Nancy Hower: Did you shoot it? Because otherwise…at least 25 hours.

Paul Hartel: Haha. No.

Cirina Catania: You are right, it is a very subjective question. What is the format of the show? Is it talking heads cut to b-roll, is it a hard-hitting action film with lots of effects and titling, is it a clip show (similar to Nat Geo Wild) where you are creating story based on clips/written narration, is it well shot, how is the sound, what is the pacing, what is the show clock, how many people will be involved in approving the cut, script would help, is it logged/keyworded as in did they have the forethought to use LUMBERJACK or at lease BACKLOGGER in Lumberjack System, how fast is the editor, does the editor have an assistant to prep the show….etc, etc…these are all questions that I have to ask when budgeting time/money for editing a show…so…to answer your question..incredibly subjective, but, if you are throwing a budget together, give yourself lots of wiggle room and leave at least 3-4 weeks.
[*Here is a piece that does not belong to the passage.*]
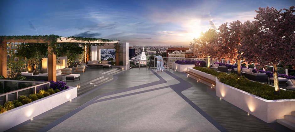 Though the building will rise quite high and join the skyline, it will only contain about three dozen units. According to a story from Philly.com, the smallest units will have about 2,000 sqft of space with an asking price of $3M, full floor units will have about 4,300 sqft of space, and an 8,900 sqft penthouse unit is under agreement at $17.85M. The building will have a baller 86-spot automated underground parking lot, which means that cars will come up quickly and the lot will require no staffing. Other amenities will include a lap pool, a massive terrace, a fitness center, a billiard room, a meeting room with a kitchen, and an on-call town car and driver. And uh, the views are gonna be pretty awesome. Cecil Baker + Partners did the design work, and are responsible for these renderings: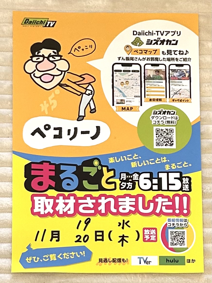 11/19(水)20日(木)18時49分頃より 取材して頂きました。良かったら見てくださいね。

Remember you will have to look at all that footage (probably more than once) before you can really get started…Wtih that in mind, the time allotted will allow you to adjust down if you need to or up if the show is more complicated. (This estimate allows for prep, cut, finish, recut, approvals, etc..) Frankly, if they have used Lumberjack during production, you can probably budget half that time.

Steve Hullfish: Read the art of the cut interview I did with Steve Audette. With a completely locked script its five weeks. With no script I agree with something closer to 24 weeks. Im trying to do 90 minutes using only a very rough script and I think the offline alone will be eight weeks – with an assistant editor and interns – and I am not sure that will be enough. Well see in six weeks.

Paul Hartel: Thanks Steve. Appreciate the input. I enjoy the interviews.

Andrew Hassenruck: Well Im sitting here with over 30 hours rushes, no log, script or director, and there is still another 10 days of shooting the left. The producer just came in and said Well at least you have a generous 8 week edit. plus one week finishing. Not sure if we will pull this one off.

Mike Wech: tell Him to kiss your Hassenruck, pull out his pocketbook, lower his expectations and stay the hell out of the edit suite.

Steve Hullfish: You will not make it. Tell aomeone now. Seriously. I have done many of these. You will not succeed

Bob Sarles: Too many variables to say. Four weeks to six months depending on the project, expectations and the client.

Bob Sarles: I am about to cut an 80 minute doc with a reasonable 6 month schedule.

Peter Gamba: Here at the factory, 7 weeks to a rough cut with so-so stringouts.

Mike J Nichols: How many hours will it take for you to help me move out of my apartment?

Casey P. Chinn: Thats at least a six month gig.

Mike J Nichols: Right? Cause where do I live, where are we moving to, how much stuff blah blah blah… theres not enough info to make a good evaluation so its a comparison but still true…

Michael Phillips: How long is a piece of rope?

Steven L. Austin: Ive been working on a doc with 150 talking heads and tons of B roll that needed to be ripped from DVDs supplied by the copyright holders, perhaps another 10 hours worth. I took the gig because it is for a prominent cable studio. Ive been on this show since January. I was given a free hand to shape the piece, then we went to many revisions with studio notes. And the final TRT will only be 2 hours! So lots of stuff that I spent time editing will be left on the virtual cutting room floor. I think it will end up being very entertaining, but it was way overshot. It beats *not* working, though. 😉

Neil Goodman: someone is going to chime in and tell you they can do it in FCPX in a day

Paul Hartel: Okay. Thanks everyone. About time to move on?